WHAT TO DO: An exact transcription of all the data is required, with every image removed.

SUPPLIED MATERIAL:
>>>>>

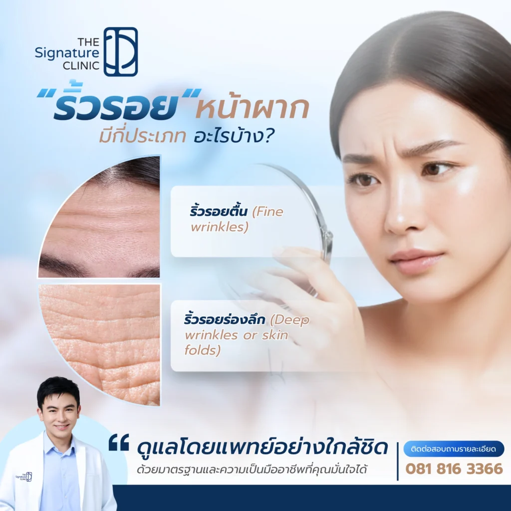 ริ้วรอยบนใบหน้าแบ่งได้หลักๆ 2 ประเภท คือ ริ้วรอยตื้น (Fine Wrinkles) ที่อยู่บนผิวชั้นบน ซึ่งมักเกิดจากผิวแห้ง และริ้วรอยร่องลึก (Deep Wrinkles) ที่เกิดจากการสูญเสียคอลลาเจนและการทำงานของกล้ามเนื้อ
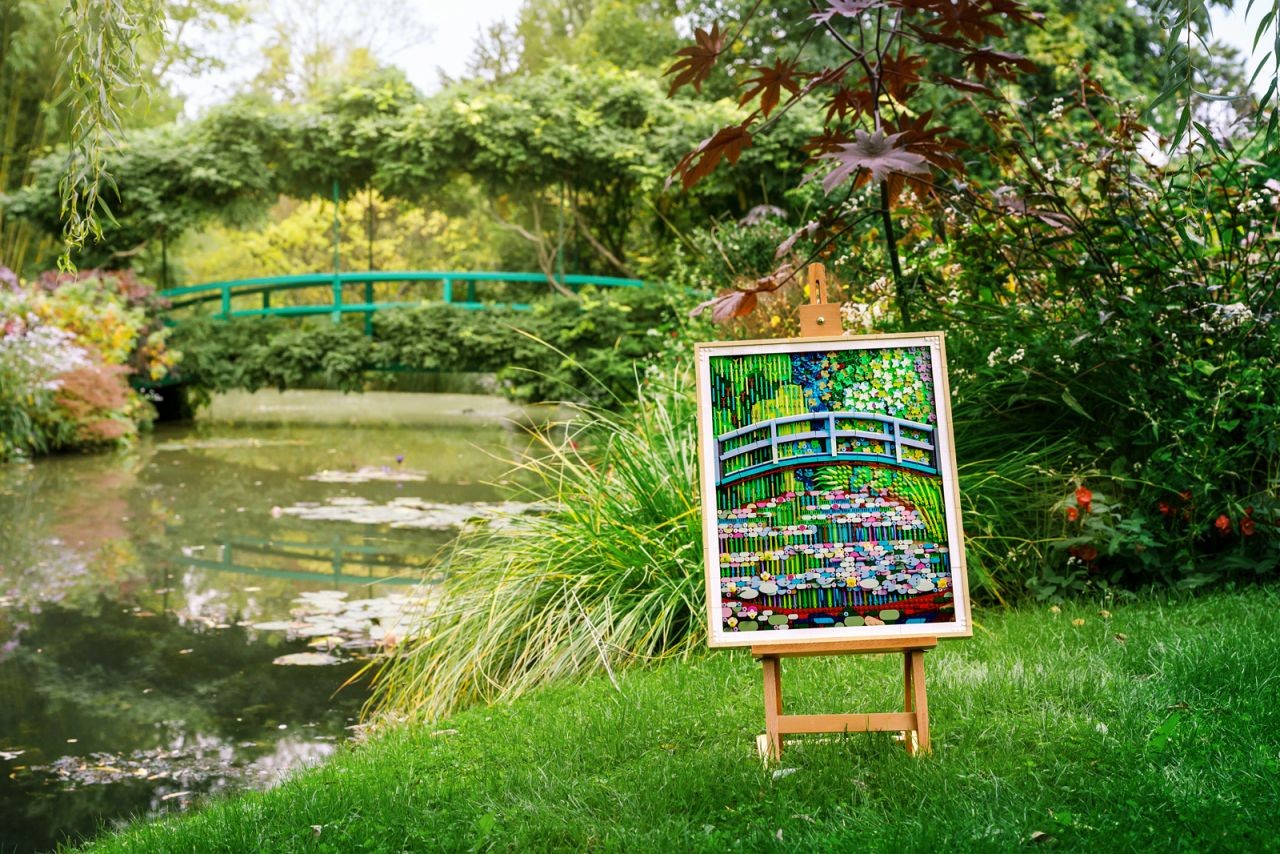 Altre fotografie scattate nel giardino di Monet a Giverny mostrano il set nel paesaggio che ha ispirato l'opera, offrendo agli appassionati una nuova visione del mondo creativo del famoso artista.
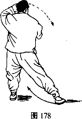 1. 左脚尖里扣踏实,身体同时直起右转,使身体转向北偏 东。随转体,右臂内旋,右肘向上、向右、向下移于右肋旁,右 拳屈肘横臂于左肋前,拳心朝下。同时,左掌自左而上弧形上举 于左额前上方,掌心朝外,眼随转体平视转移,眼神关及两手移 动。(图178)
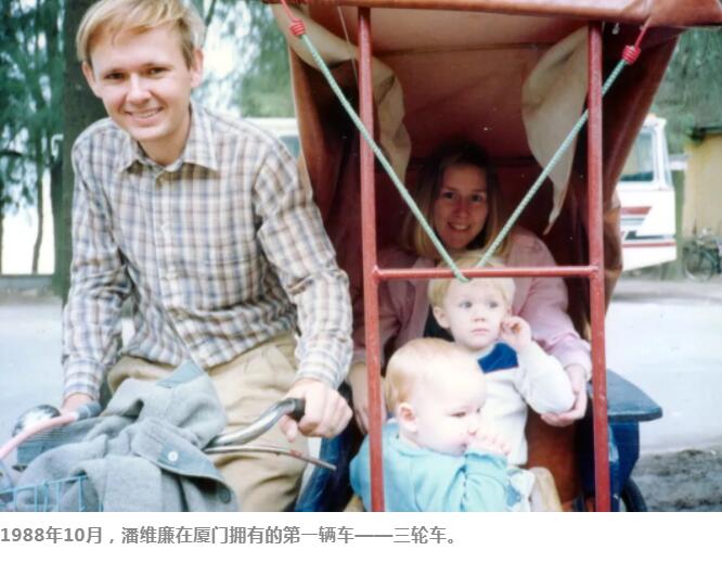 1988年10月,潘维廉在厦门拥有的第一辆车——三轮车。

<<<<<

ANSWER SECTION:
 ริ้วรอยบนใบหน้าแบ่งได้หลักๆ 2 ประเภท คือ ริ้วรอยตื้น (Fine Wrinkles) ที่อยู่บนผิวชั้นบน ซึ่งมักเกิดจากผิวแห้ง และริ้วรอยร่องลึก (Deep Wrinkles) ที่เกิดจากการสูญเสียคอลลาเจนและการทำงานของกล้ามเนื้อ
 Altre fotografie scattate nel giardino di Monet a Giverny mostrano il set nel paesaggio che ha ispirato l'opera, offrendo agli appassionati una nuova visione del mondo creativo del famoso artista.
 1. 左脚尖里扣踏实,身体同时直起右转,使身体转向北偏 东。随转体,右臂内旋,右肘向上、向右、向下移于右肋旁,右 拳屈肘横臂于左肋前,拳心朝下。同时,左掌自左而上弧形上举 于左额前上方,掌心朝外,眼随转体平视转移,眼神关及两手移 动。(图178)
 1988年10月,潘维廉在厦门拥有的第一辆车——三轮车。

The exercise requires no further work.